Fri, Apr 30, 2010 - Page 7 News List

Obama vows to push immigration overhaul this year


US President Barack Obama conceded on Wednesday that Congress may not have the appetite to deal with the hot-button immigration issue this year, but he vowed to continue to press lawmakers to at least begin work soon on a comprehensive bill to overhaul the country’s immigration system.

In a rare interview with reporters aboard Air Force One, Obama said it was vital that Congress address the immigration issue, lest more state measures like the tough new law in Arizona sprout up. However, he acknowledged that the road to a comprehensive immigration bill was an uphill one.

“It’s a matter of political will,” he said, adding that Congress might not have the stomach for another tough battle after the bruising fight over health care and the prospect of another battle over a climate change bill.

“We’ve gone through a very tough year, and I’ve been driving Congress pretty hard,” he said.

However, “we need to start a process, at least,” Obama said, adding that he wanted to come up with a proposal that could win broad public support.

To succeed, Obama said, he would need some backing from Republicans, a tough task in an election year.

“I’ve made calls to Republicans,” Obama said. “I think I can get a majority of Democrats, but I need some help from Republicans.”

The Senate majority leader, Harry Reid, a Democrat who is locked in a bruising re-election campaign in Nevada, has promised Hispanic voters in his state that he will take up immigration legislation this year, addressing both border security and citizenship.

On Wednesday, Reid told reporters that the climate change bill would probably come before immigration because that legislation had already been drafted.

Reid said Democratic Senator Charles Schumer had an outline of an immigration bill that could soon be completed.

The immigration issue has become a lightning rod for both Republicans and Democrats, who are embroiled in a fight over Arizona’s new law giving the police the authority to detain people they suspect are illegal immigrants.

Asked whether the White House, which has strongly criticized the bill as a possible infringement of civil rights, planned to challenge the measure, Obama said on Wednesday: “We’re examining it now.”

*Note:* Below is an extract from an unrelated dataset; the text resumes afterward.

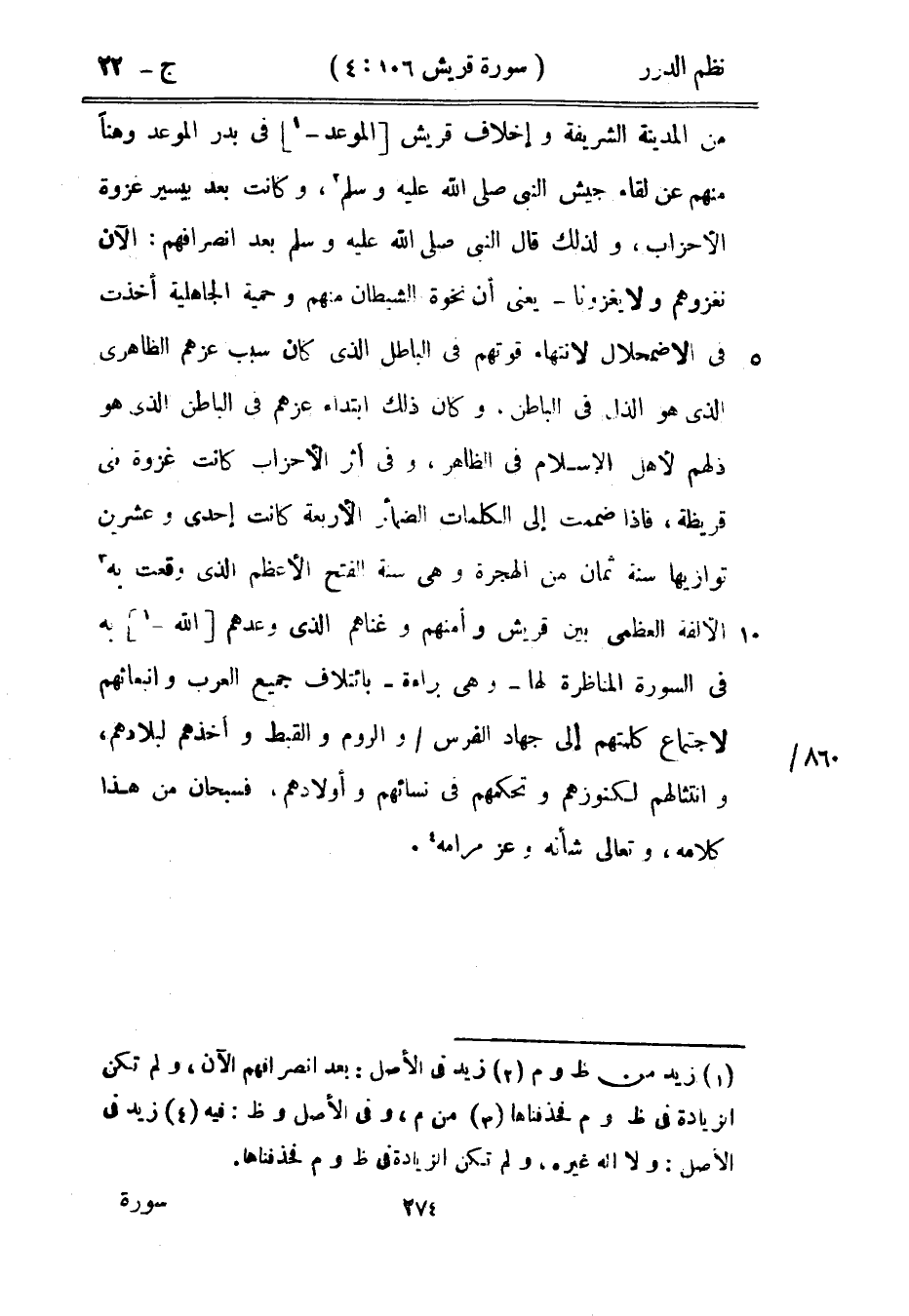 «الآن نغزوهم ولا يغزونا» يعني أن نخوة الشيطان منهم وحمية الجاهلية أخذت في الاضمحلال لانتهاء قوتهم في الباطل الذي كان سبب عزهم الظاهري الذي هو الذل في الباطن، وكان ذلك ابتداء عزهم في الباطن الذي هو ذلهم لأهل الإسلام في الظاهر، وفي أثر الأحزاب كانت غزوة بني قريظة، فإذا ضممت إلى الكلمات الضمائر الأربعة كانت إحدى وعشرين توازيها سنة ثمان من الهجرة وهي سنة الفتح الأعظم الذي وقعت به الألفة العظمى بين قريش وأمنهم وغناهم الذي وعدهم الله به في السورة المناظرة لها - وهي براءة - باتئلاف جميع العرب وانبعاثهم لاجتماع كلمتهم إلى جهاد الفرس والروم والقبط وأخذهم لبلادهم، وانتثالهم لكنوزهم وتحكمهم في نسائهم وأولادهم، فسبحان من هذا كلامه، وتعالى شأنه وعز مرامه.

He said, “I understand the frustrations of the border states,” but said that is why the country needed a comprehensive immigration overhaul.

Meanwhile, former US president Bill Clinton waded into the debate on Wednesday with the bravado of someone never facing election again.

“I don’t think there’s any alternative but for us to increase immigration,” he said, both to help the economy grow and to fix the long-term finances of Medicare and Social Security.

“I just don’t see a way out of this unless that’s part of the strategy,” he added in his remarks at a meeting on fiscal policy in Washington.

In related news, the National Coalition of Latino Clergy and Christian Leaders said it would file a lawsuit yesterday in Phoenix federal court, seeking to halt enforcement of the crackdown.

The group said federal law pre-empts state regulation of national borders, and that Arizona’s law violates due-process rights by allowing suspected illegal immigrants to be detained before they’re convicted.